ISCC to beef up POME audits in 2022

  • : Agriculture, Biofuels
  • 21/10/28

The International Sustainability and Carbon Certification (ISCC) body is tightening auditing rules around palm-based waste biodiesel feedstocks to combat fraudulent behaviour.

Following a one-year transition, palm oil mills generating and supplying wastes and residues such as palm oil mill effluent (POME), empty fruit bunch (EFB) oil and pressed palm fibres under ISCC must be audited on-site annually from 1 November 2022.

Under the current process, non-certified points of origin for waste products can issue a self-declaration to a collecting point, which when audited will only face scrutiny on a sample size of mills comprising at least the square root of those that are self-declared and generate more than 10 t/month of POME or EFB oil.

But stakeholders said this system does not take into account the increasing demand and risk for these products under the EU Renewable Energy Directive (RED), which double counts biofuels made from these feedstocks towards mandates due to their higher greenhouse gas savings.

If POME prices exceed crude palm oil values then mills will be incentivised to increase output of the waste product, or for bad actors to blend lower-cost, off-specification palm products.

European waste-feedstock participants have long called for greater policing of the market and in response the ISCC already imposed stricter definitions of what constitutes POME last October.

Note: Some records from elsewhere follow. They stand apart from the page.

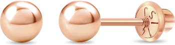 Classic, petite and sparkly, these 14k rose gold earrings for girls are simply perfect for daily use. Featuring a bright and flawless round-shaped ball, these girl's earrings are ideal for ages (1-16 years). Crafted entirely of 14k rose gold, these earrings are suitable for sensitive ears, featuring very precious material and fine craftsmanship. The threaded safety screw-back design secures them to your child’s ears. These 14k earrings make a great gift and include a complimentary gift box.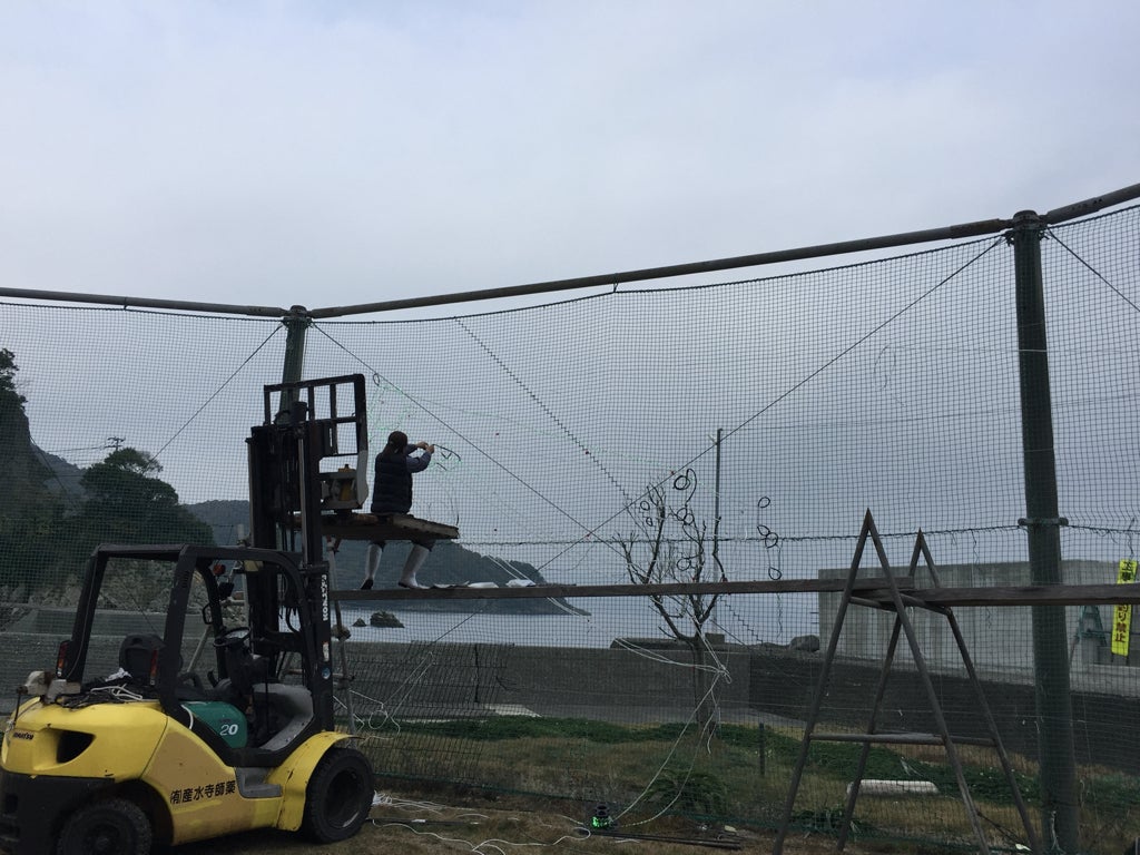 地元の漁師さん中心とした60代・70代の方が、木に登ってイルミネーションを飾り付けたり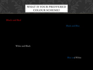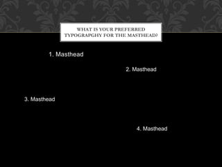 The document is a survey asking for preferences on color scheme, typography for a masthead, whether to feature a protagonist or antagonist on a book cover, which mood board best represents the thriller genre, the most used social media platforms, and where posters are mostly seen. It provides multiple choice options for respondents to select their preferences.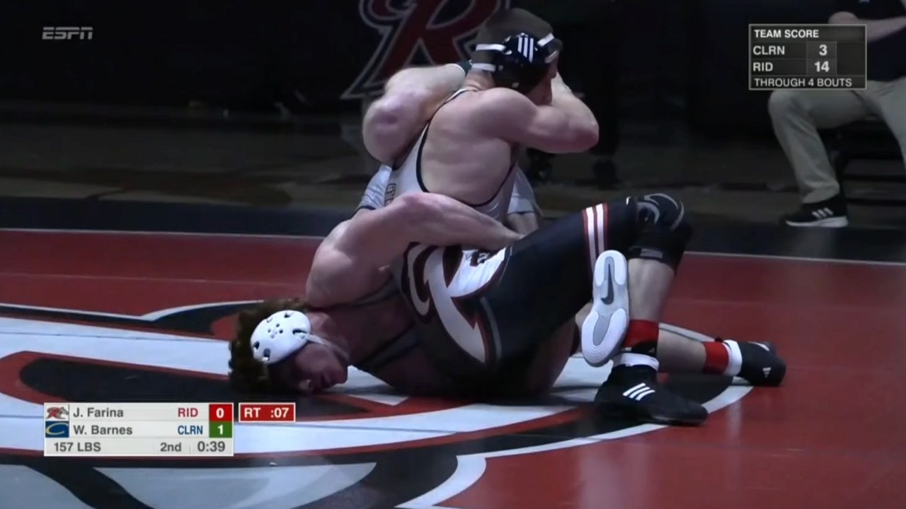 2025/26 Rider vs Clarion wrestling dual 157lbs James Farina (RID) maj dec Wesley Barnes (CLAR) I do not own this video, all credit/rights to ESPN/MAC
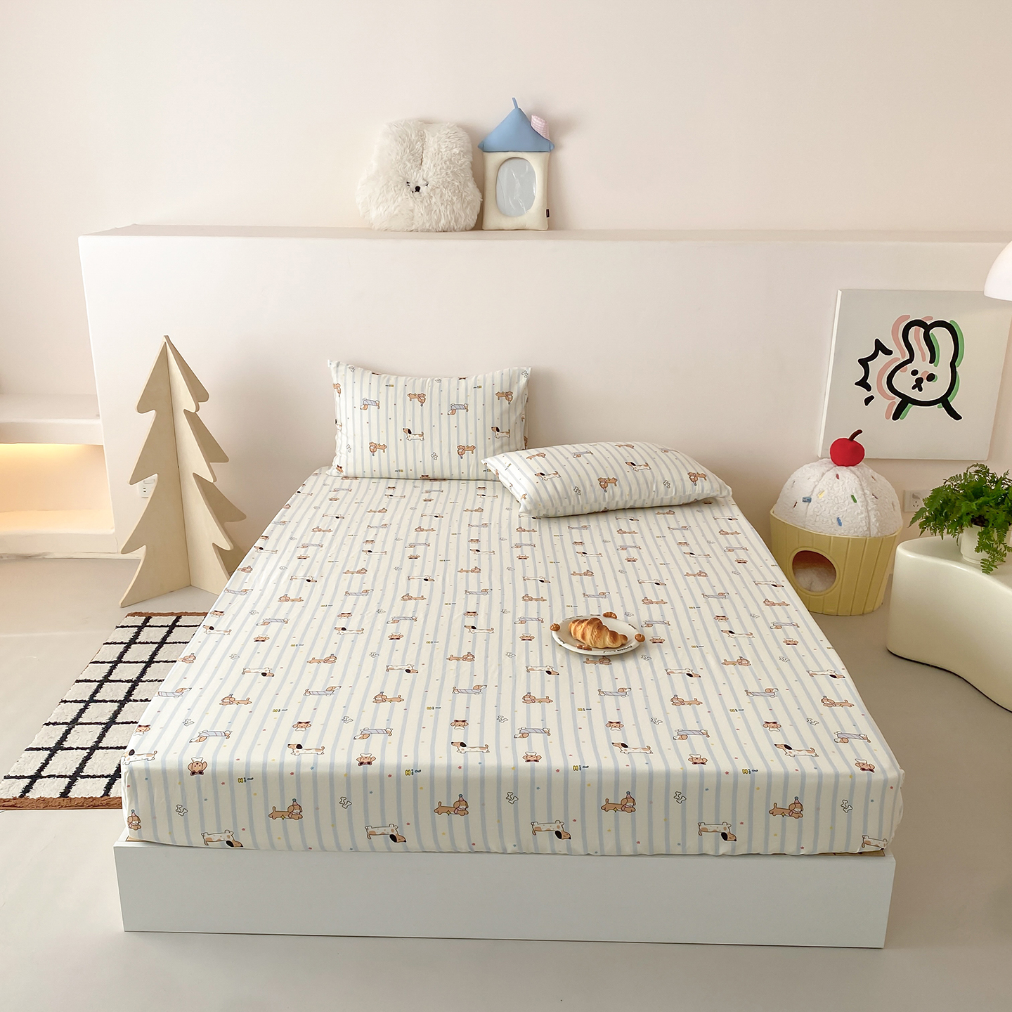 8小时家纺 2025新款40s天然肌理双层纱单品床笠 快乐小狗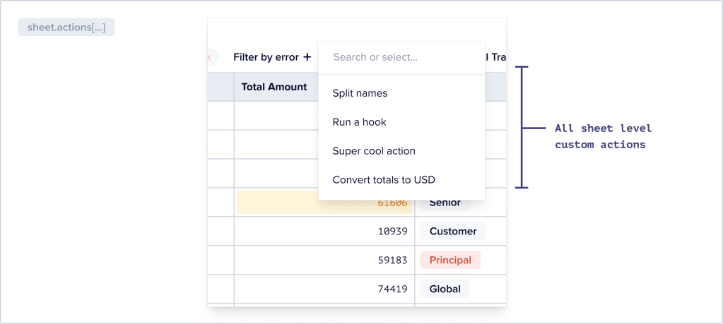 This can be a powerful tool when combined with the various methods for the bulk resolution for errors. Users can select specific data and then only perform either a default or custom action on that data.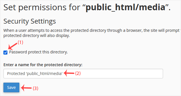 5. Under Security Settings, check-mark Password protect this directory. Then click on Save.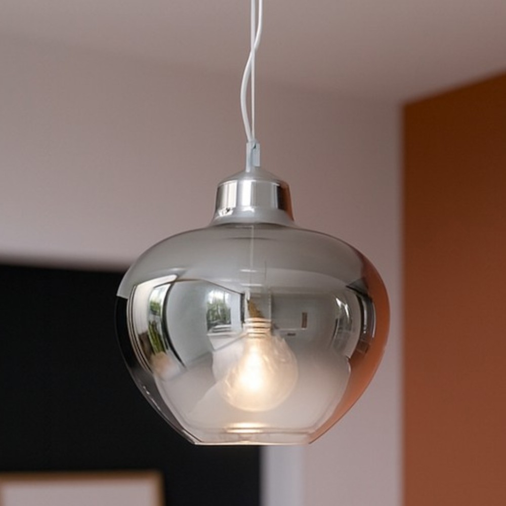 Lampada a sospensione sfera di vetro ambra bowl perenz illuminazione

But this was considered inadequate to suppress fraudulent practices, a fact highlighted by a South Korean biodiesel producer forced to partially close its plant earlier this year after receiving a bad batch of POME feedstock.

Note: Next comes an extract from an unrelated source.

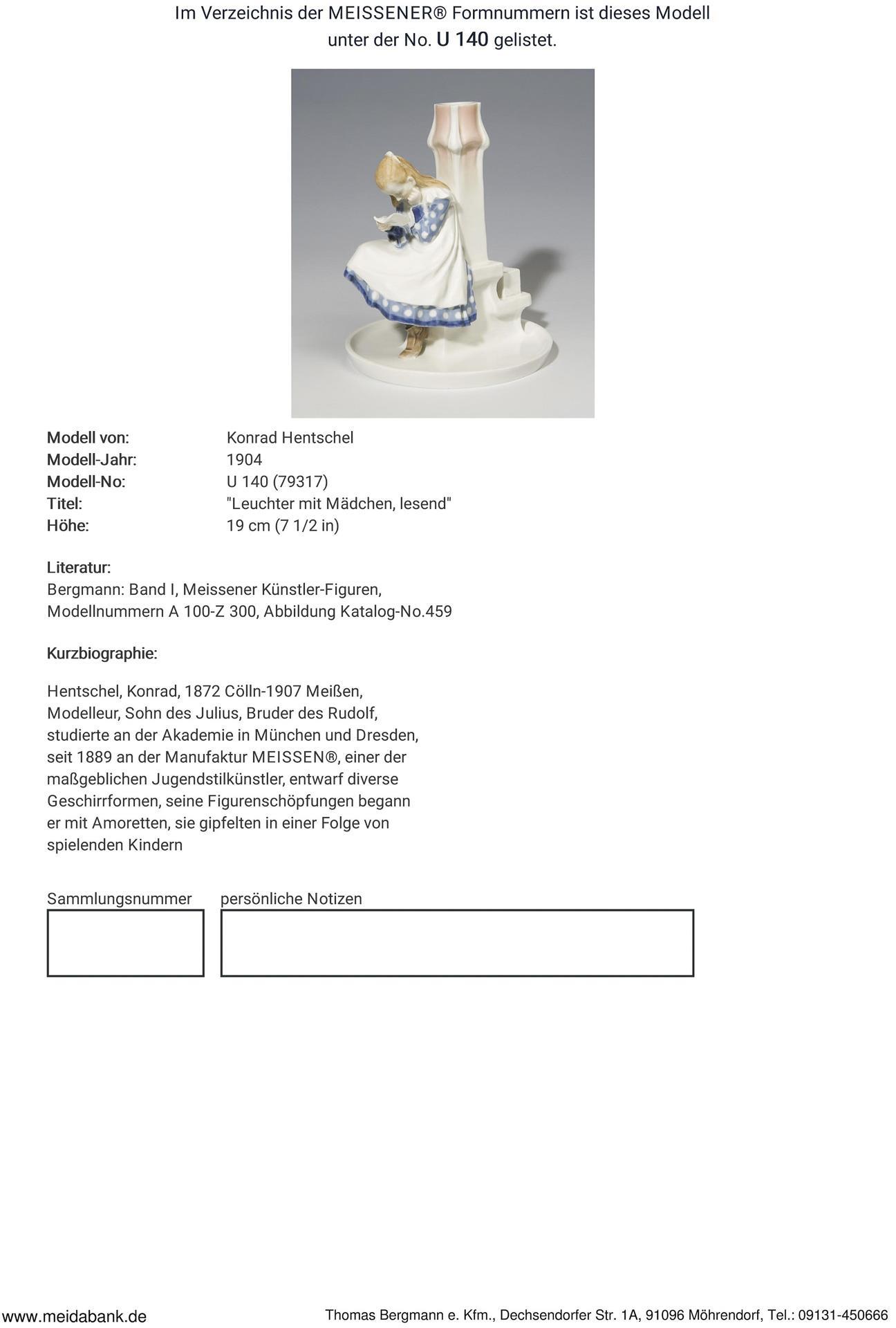 Ausformung 1904-1923. Modell-Jahr: 1904, Modell-Nr. U 140 (neue Form-Nr. 79317). Modell von. HENTSCHEL, Konrad(1872 Cölln - 1907 Meißen)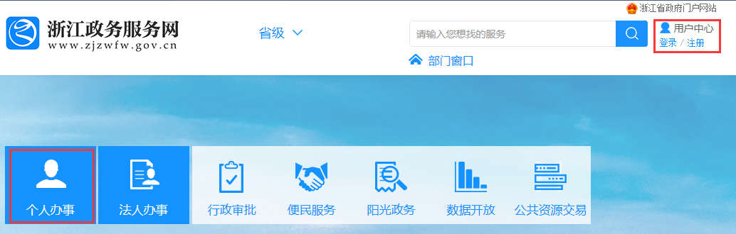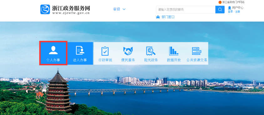 ③转至浙江政务服务网,实名注册、登录,随后按浙江政务服务网操作流程进行

Many have called for the ISCC to align more with the Italian National System that requires all palm mills to be individually certified and ensure there are consequences the non-compliant such as withdrawing the credential that is required for their product to be allowable under RED.

From November next year every palm oil mill will have to be individually certified as a point of origin following an annual audit, or if not and is supplying waste and residues it will need to be audited on-site during the yearly inspection of the collection point.

Some pushed back, saying the new measures will vastly increase operating costs and be a mammoth task for auditors, especially if the collection point is sourcing from tens of points of origin each from different regions or countries.

But in the absence of a viable alternative to mitigate the risk of fraudulent behavior the ISCC has decided to go ahead with the new measures, though remote inspections may be allowed in exceptional circumstances due to Covid-19 travel restrictions. It added that it will invite further feedback to strengthen the certification process and loosen the bureaucratic straitjacket.